A seleção brasileira chega à América do Norte sob o comando de Carlo Ancelotti, cuja estreia na Copa do Mundo como técnico ocorre pouco mais de um ano depois que ele deixou o Real Madrid, onde teve uma sequência brilhante de títulos europeus, para assumir uma das missões de resgate mais exigentes do futebol.

O Brasil passou por ⁠três anos turbulentos, ⁠quatro treinadores e uma série de decepções, ​enquanto o ‌longo declínio de Neymar, de craque intocável a uma aposta em termos de condicionamento físico, aumentou a incerteza.

Enquanto outros times importantes têm a chance de estrear no torneio contra adversários mais modestos, o Brasil iniciará sua campanha contra o que deve ser seu maior desafio no Grupo C.

Marrocos ⁠foi a grande surpresa da Copa do Mundo de 2022 no Catar, eliminando Espanha e ​Portugal antes de perder para a França nas semifinais. Construída em torno de uma geração de ​jogadores formados nas bases e ligas da Espanha e da ‌França, a seleção marroquina retorna ​com ⁠qualidade suficiente para tornar a noite de estreia do Brasil desconfortável.

No entanto, eles também chegam com suas próprias turbulências.

Marrocos começou 2026 perdendo a final da Copa Africana das Nações para o Senegal em casa, mas acabou recebendo o ​título em uma decisão polêmica após os rivais abandonarem o campo em protesto contra um pênalti marcado contra eles.

Semanas depois, o técnico de longa data Walid Regragui pediu demissão três meses antes da Copa do Mundo e foi substituído pelo belga Mohamed Ouahbi, promovido da base após levar Marrocos ao título da ​Copa do Mundo Sub-20 no Chile no ano passado.

PROBLEMAS COM LESÕES

As lesões agravaram a situação, com Nayef Aguerd e Abde Ezzalzouli sendo cortados da seleção de 26 jogadores após se machucarem no último amistoso de Marrocos contra a Noruega no domingo.

O Brasil também sofreu com uma avalanche de lesões.

Ancelotti perdeu Rodrygo, Estêvão, Éder Militão e Wesley, todos titulares em potencial, enquanto Neymar foi descartado para a partida contra Marrocos, pois continua se recuperando de uma lesão na panturrilha. Quando ele poderá retornar, e em que condições, permanece incerto.

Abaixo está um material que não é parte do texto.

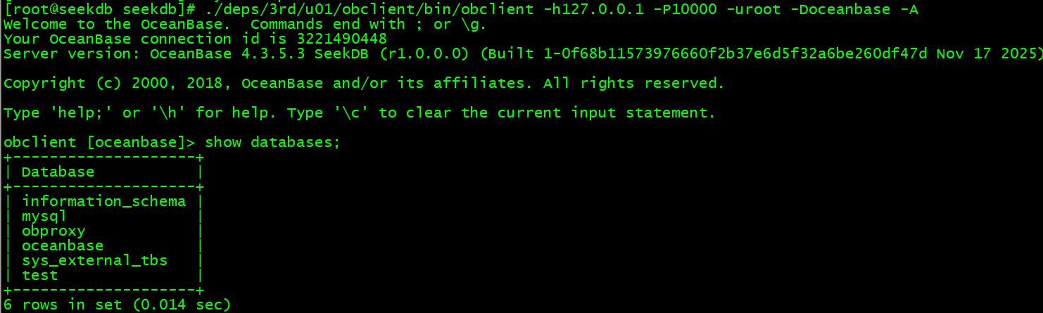 ./deps/3rd/u01/obclient/bin/obclient -h127.0.0.1 -P10000 -uroot -Doceanbase -A

O Brasil ainda ​conta com uma boa dupla de zagueiros centrais, Marquinhos e Gabriel Magalhães, mas Ancelotti precisa improvisar na lateral direita ‌após perder Wesley e o versátil Militão.

Danilo ⁠e Ibañez disputam a vaga, com o meio-campista Ederson também sendo uma opção.

Mais à frente, Ancelotti vai contar fortemente com Vinícius Jr., a quem ele ajudou a transformar no Real Madrid em um dos ⁠atacantes mais devastadores do futebol.

O Brasil nunca entra discretamente em uma Copa ⁠do Mundo, mas as expectativas estão incomumente moderadas. ⁠Marrocos testará se a ⁠alquimia ​de Ancelotti nos clubes pode se repetir — e se o grande conto de fadas do Catar terá uma sequência.